2. The method according to claim 1, where the fluid to be processed is formed from an aqueous solution gidratirovana is about the stitching of the polymer and crosslinking agent, capable of crosslinking of the polymer.
3. The method according to claim 1, where the peroxide-thinning agent is selected from at least one of the following compounds: peroxymonosulfate potassium, sodium or ammonium and peroxymonosulfate Tetra-n-alkylamine.
4. The method according to claim 1, additionally comprising combining a metal catalyst with the fluid to be processed.
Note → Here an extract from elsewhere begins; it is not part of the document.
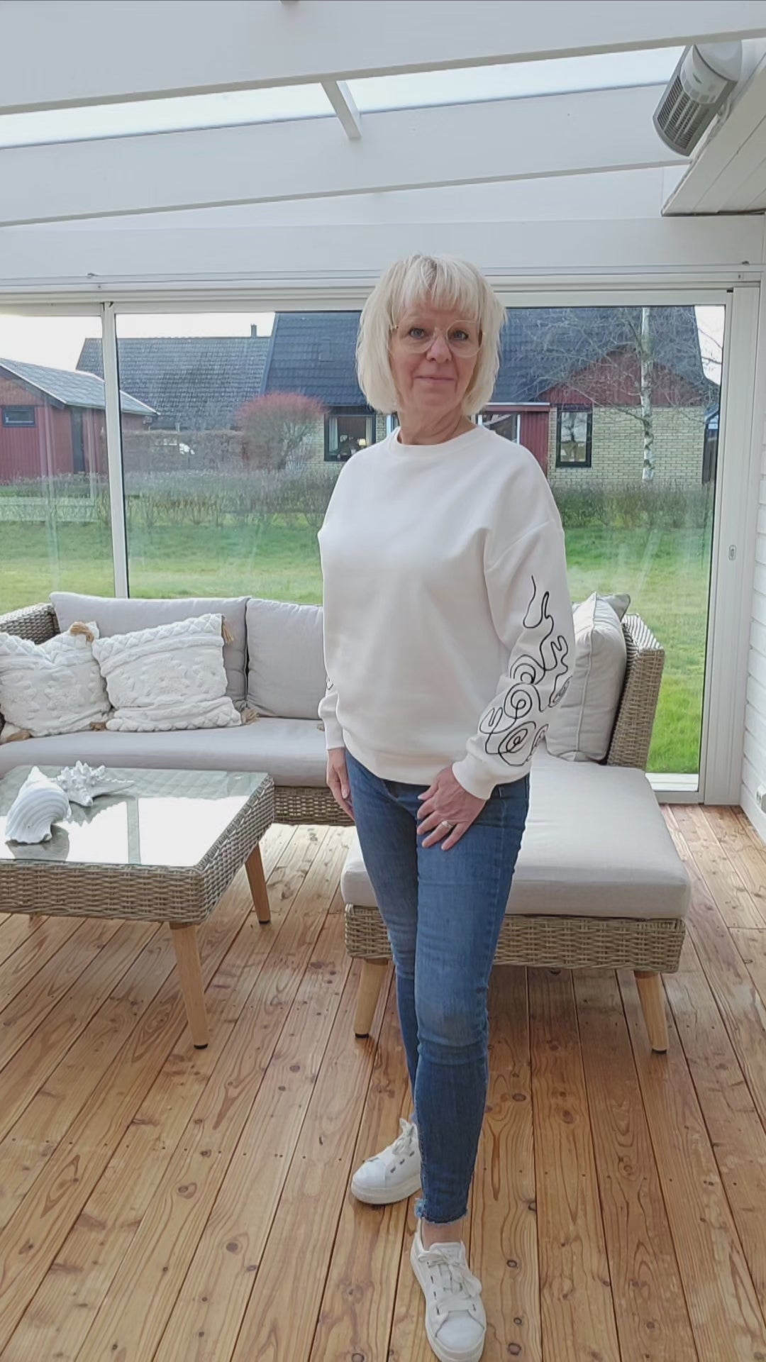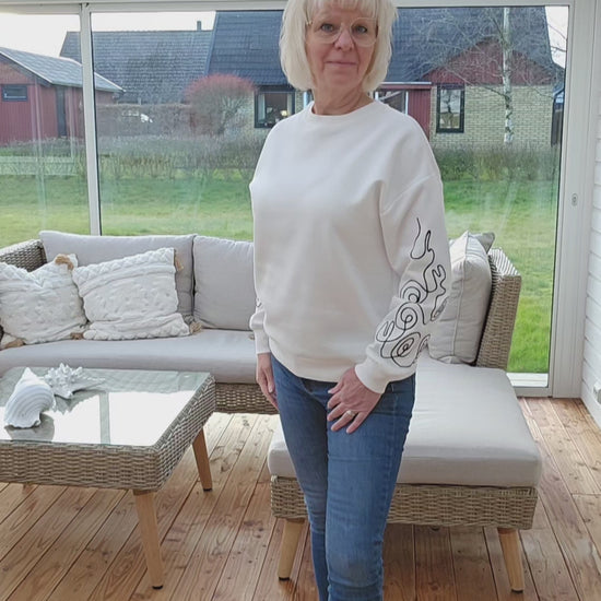 Produktbeskrivning: Vit långärmad sweatshirt med fint mönster nertill på ärmarna i svart. Rundhalsad samt klassiska muddar i tröjan.

5. The method according to claim 1, where the polymer is selected from polysaccharides, galactomannans, guar Gurovich resins, Gurovich derivatives, cellulose and cellulose derivatives, polyacrylamides, partially hydrolyzed polyacrylamides, copolymers of acrylamide and acrylic acid, terpolymers containing acrylamide, vinyl pyrrolidone, 2-acrylamide-2-methylpropanesulfonic acid, and heteropolysaccharides containing tetrasaccharide duplicate link in the main chain of the polymer represented by the chemical formula:
where in the repeating part there are at least three different saccharide, such sugars include D-glucose, D-glucuronic acid and/or L-rhamnose or L-mannose; M+denotes ion; R1, R2, R3, R4, R5, R6, R7, R8, R9and R10selected from the group consisting of hydrogen, methyl, acetyl, glyceryl or sacharides group containing from one to three sharidny units; R is a methyl or methylol group; and srednevekovaja molecular weight (Mw) of heteropolysaccharide ranges from approximately 105to about 107.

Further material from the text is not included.